* PROMPT: Here the job is to transcribe the data verbatim while leaving each picture out.

* PROVIDED MATERIAL:
========================================

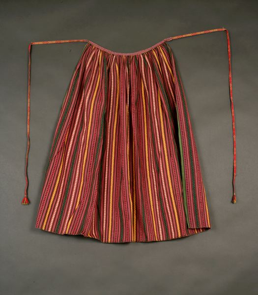 - Allmogeförkläde i rosengång av bomull och ylle. Mörkrött med täta ränder i rosengång och tuskaft i svart, gult, vitt, grönt och blått. Smal handsydd fåll nertill och längs sidorna. Upptill rynkad mot en smal linning av ett tyg liknande förklädets. Påsydda, smala knytband, möjligen maskinvävda, mönstrade i rött, gult och grönt och avslutas med en tofs.
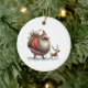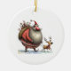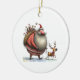 Divertido Papá Noel con un lindo reno y su bolsa de regalos en un adorno navideño de cerámica. El texto de la parte posterior puede cambiarse. Ilustracion acuarela con gráfico asistido por IA adquirido con uso comercial. Pintura: RedHeronLighthouse
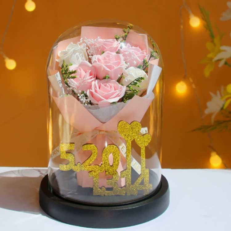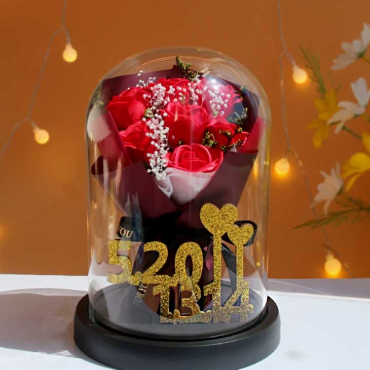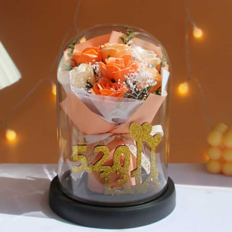 Цей скляний букет троянд створений для того, щоб квіти не в'янули, а троянди всередині не зів'янули. Букет дуже реалістичний, його майже не можна відрізнити від справжніх квітів, і він може дуже добре відобразити красу букета. Всередині золоті цифри 520+1314 представляють числа 520 і 1314, символізуючи любов і підкреслюючи продуманість цього подарунка.

========================================

* PROBLEM SOLUTION:
 - Allmogeförkläde i rosengång av bomull och ylle. Mörkrött med täta ränder i rosengång och tuskaft i svart, gult, vitt, grönt och blått. Smal handsydd fåll nertill och längs sidorna. Upptill rynkad mot en smal linning av ett tyg liknande förklädets. Påsydda, smala knytband, möjligen maskinvävda, mönstrade i rött, gult och grönt och avslutas med en tofs.
 Divertido Papá Noel con un lindo reno y su bolsa de regalos en un adorno navideño de cerámica. El texto de la parte posterior puede cambiarse. Ilustracion acuarela con gráfico asistido por IA adquirido con uso comercial. Pintura: RedHeronLighthouse
 Цей скляний букет троянд створений для того, щоб квіти не в'янули, а троянди всередині не зів'янули. Букет дуже реалістичний, його майже не можна відрізнити від справжніх квітів, і він може дуже добре відобразити красу букета. Всередині золоті цифри 520+1314 представляють числа 520 і 1314, символізуючи любов і підкреслюючи продуманість цього подарунка.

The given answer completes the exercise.